Мысли, по природе своей бессвязные и туманные, приобретают законченность и ясность, стоит их только произнести вслух. Так бесплотный пар, охлаждаясь, превращается в полновесные капли, способные точить камень, а то и в лед, накладывающий свои оковы на целые континенты.
Ответа я не ожидал, да его, конечно же, и не последовало, но уже одно то, что яйцо постоянно меняло оттенки своей скорлупы, свидетельствовало кое о чем. Возможно, о сопереживании. А возможно, и о полном неприятии подобных методов общения.
Когда мое красноречие иссякло, инициативу перехватило яйцо, подтвердив тем самым наличие между нами некой мистической связи.
Думаю, что оно не ставило перед собой никаких сверхзадач, а просто хотело немного расшевелить меня. Сначала яйцо подпрыгивало, словно обычный резиновый мячик, а потом стало тыкаться в меня, как бы приглашая принять участие в игре. Ну как тут было отказаться?
Вспомнив детство, я взялся подбрасывать и ловить яйцо, а войдя в азарт, пустил в ход колени, плечи и даже голову (искры сыпались из глаз, но никакой боли не ощущалось).
Такое жонглирование не представляло особых сложностей — яйцо само находило мою ладонь или макушку, а иногда, вопреки здравому смыслу, зависало в воздухе или демонстрировало отчаянные кульбиты, которые расшалившиеся дельфины совершают совсем в иной среде. Временами даже создавалось впечатление, что это оно жонглирует мною, а не наоборот. Но в общем-то эти невинные забавы доставляли немалое удовольствие нам обоим.
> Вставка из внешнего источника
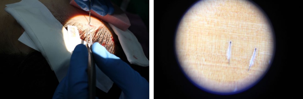 The key is to harvest fine and baby hair follicles without damaging the tissue, as the hair is thin and follicles are lying at an acute angle.
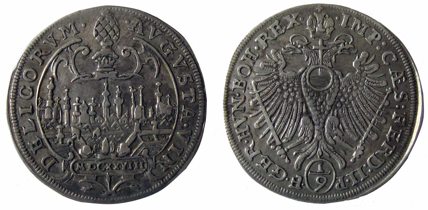 AVGVSTA VIN - DELICORVM — Stadtansicht in einem Rahmen von Schnitzwerk, der vom Stadtpyr bekrönt ist; von diesem hängen Festons von Früchten herab. Unten ein Schild mit MDCXXVIII und drei Kornähren |
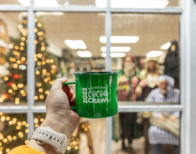 Each stop will have either a sample of hot cocoa, holiday beverage, or a small seasonal treat for each registered participant (while supplies last). Only $10 per person, which includes a commemorative 2025 mug!
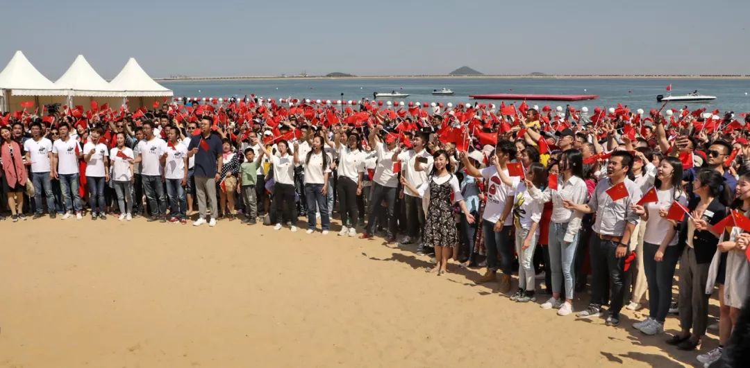 2019年5月3日,金山区“我和我的祖国”快闪活动在城市沙滩举行 图片摄影 | 庄毅
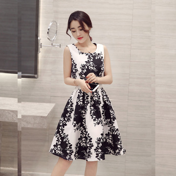 新款夏裝女韓版名媛風水墨印花修身無袖背心裙打底連衣裙 /
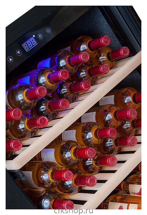 Винный шкаф Cold Vine C126-KBF2 создает оптимальные условия для сохранения всех вкусовых свойств разливного вина. Модель оснащена встроенными вентиляторами в каждой зоне, 7 деревянными полками без лакового покрытия на металлических направляющих (все, кроме нижней) и голубой светодиодной подсветкой. Дверь в стальной окантовке выполнена из прозрачного двойного стекла с УФ-фильтром.
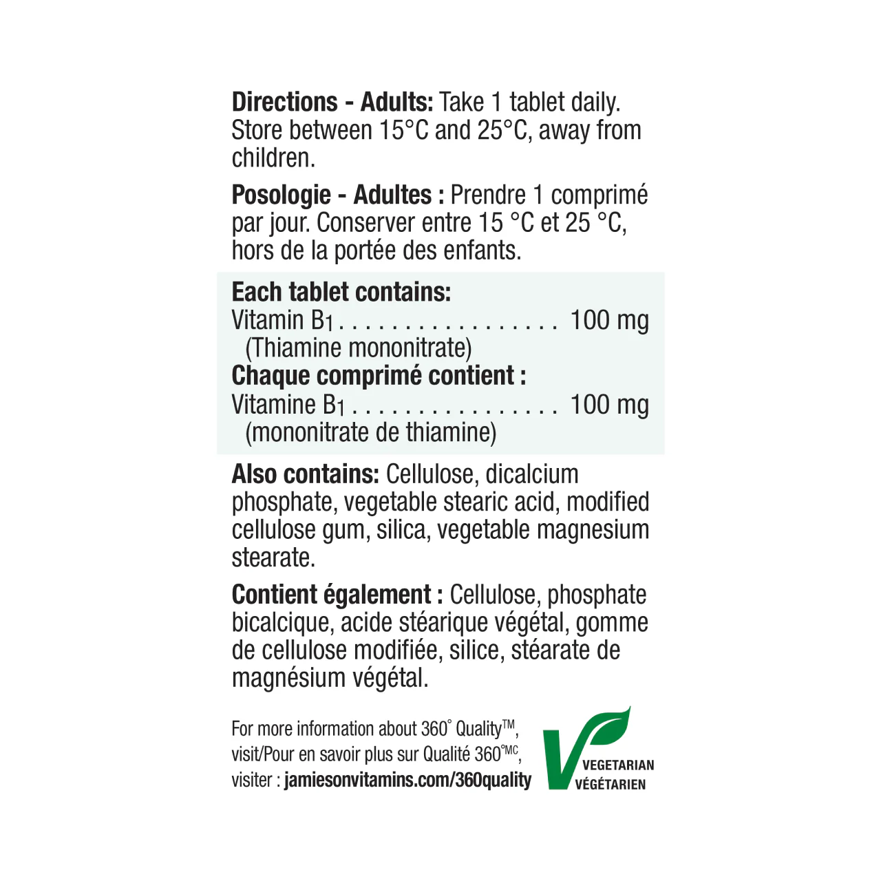 Jamieson - Vitamin B1 100mg | 100 Tablets
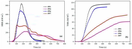 | Samples | TTI (s) | TPHRR (s) | PHRR (kW/m2) | THR (MJ/m2) | FPI (s·m2/kW) | Residue (wt %) |
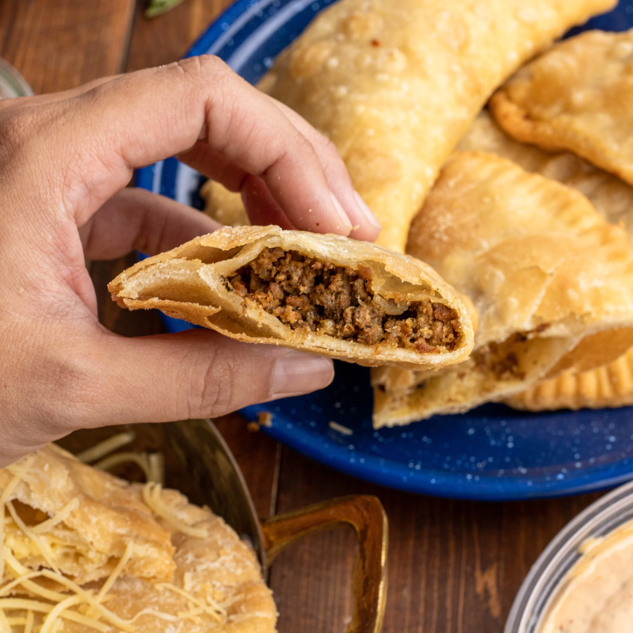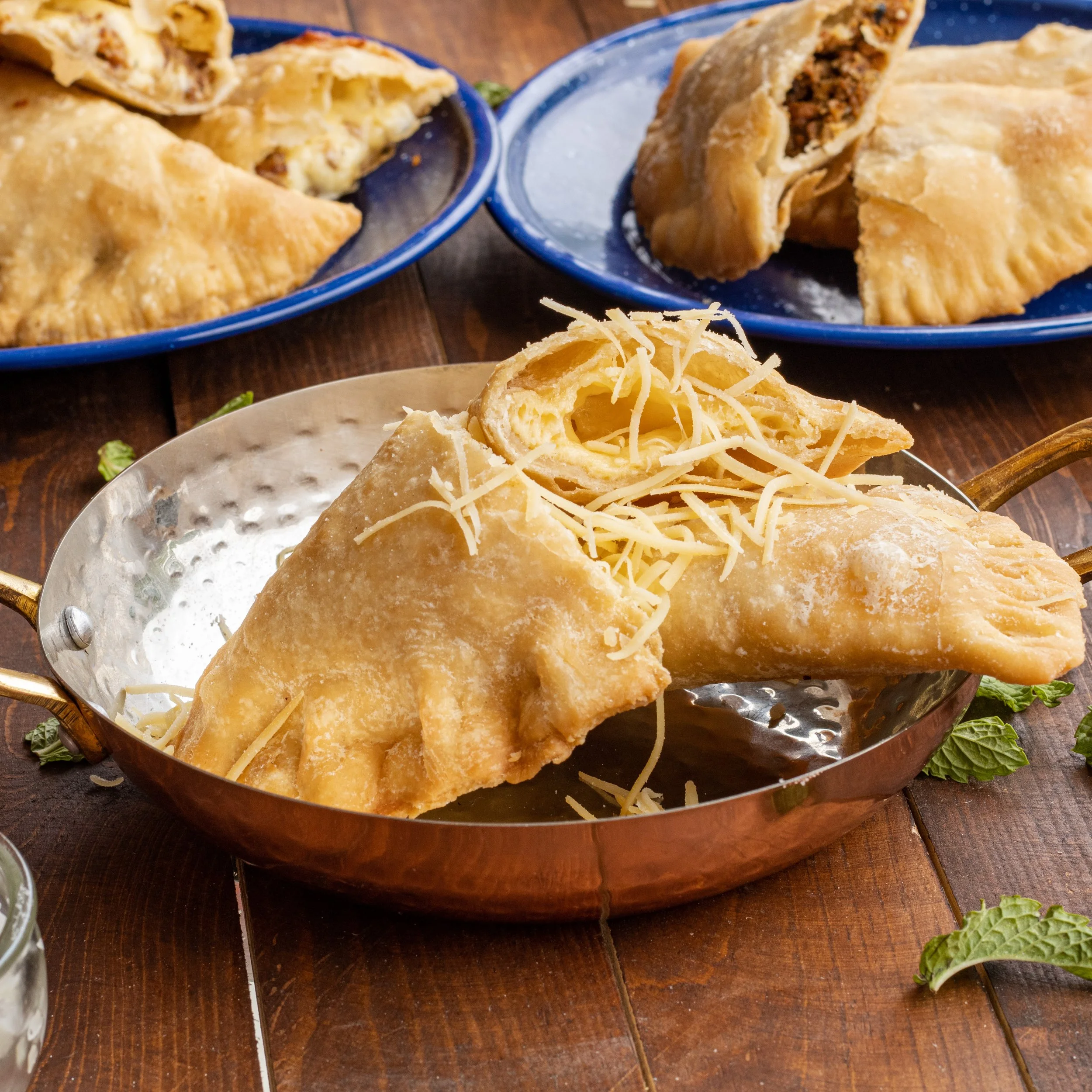Empanada hecha a base de masa de harina, rellena de carne molida con queso gouda. ¡La Favorita!
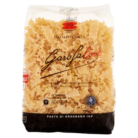 - Garofalo Mafalda Corta n.79 to wyjątkowy włoski makaron o charakterystycznym, falowanym kształcie. Krótkie wstążki z ozdobnymi brzegami nie tylko pięknie prezentują się na talerzu, ale także świetnie zatrzymują sosy, gwarantując intensywny smak każdego kęsa.
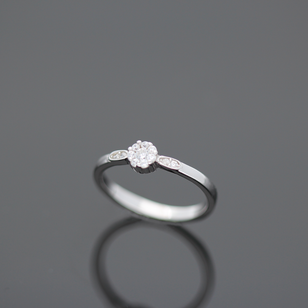 Delikatny, srebrny pierścionek z przepięknie mieniącym się cyrkoniami, które tworzą element kwiatowy co z pewnością dodaje biżuterii niesamowitego uroku. Całość wykonana z rodowanego srebra próby 925. Wielkość ozdobnego elementu 5 mm
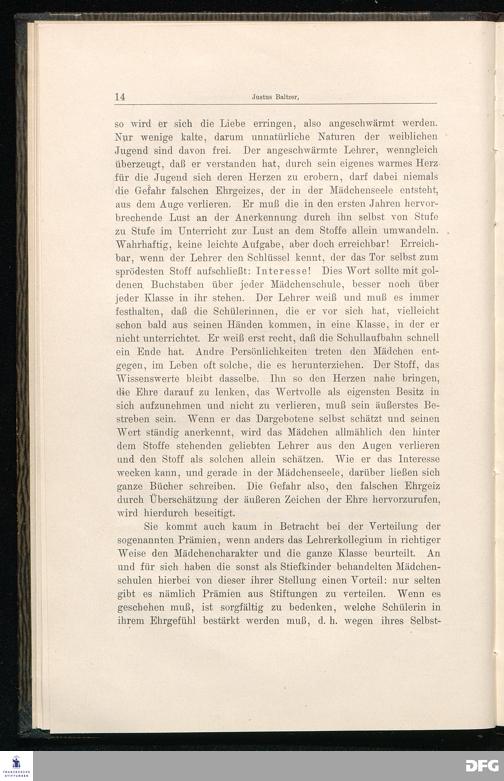 Ehrgefühl und Ehrgeiz in der Mädchenerziehung.

Вдоволь порезвившись, я возвратил яйцо в котомку, вытер с лица обильный пот, свидетельствовавший о том, что мое здоровье далеко от идеала, и только тогда заметил толпу аборигенов, собравшихся у подножия холма.
Они являли собой типичный пример так называемой цивилизации переходного типа. Их головы (скажем пока так) покрывали высокие лохматые шапки — «мечта пастуха», — а на ногах красовались лыковые лапти, присущие лишь землепашцам, у которых каждая звериная шкурка на счету.
Народ этот, именовавшийся некрашами, был незлобивым и работящим, но, с моей точки зрения, имел один серьезный недостаток — асимметричное строение тела, доставшееся им от предков, обитавших в мире с нестабильной силой тяжести.
Вследствие этой довольно редкой аномалии по отношению к некрашам нельзя было оперировать такими привычными понятиями, как левое и правое, верхнее и нижнее, переднее и заднее.
Одна рука типичного некраша (левая или правая — без разницы), длинная, словно щупальца спрута, занималась исключительно хватанием. Другая, могучая и короткая, служила для удержания того, что уже добыто.
Иногда имелась еще и третья, выполнявшая промежуточные функции.
То же самое касалось и остальных органов тела, включая наиважнейшие, а потому найти двух внешне схожих некрашей было абсолютно невозможно.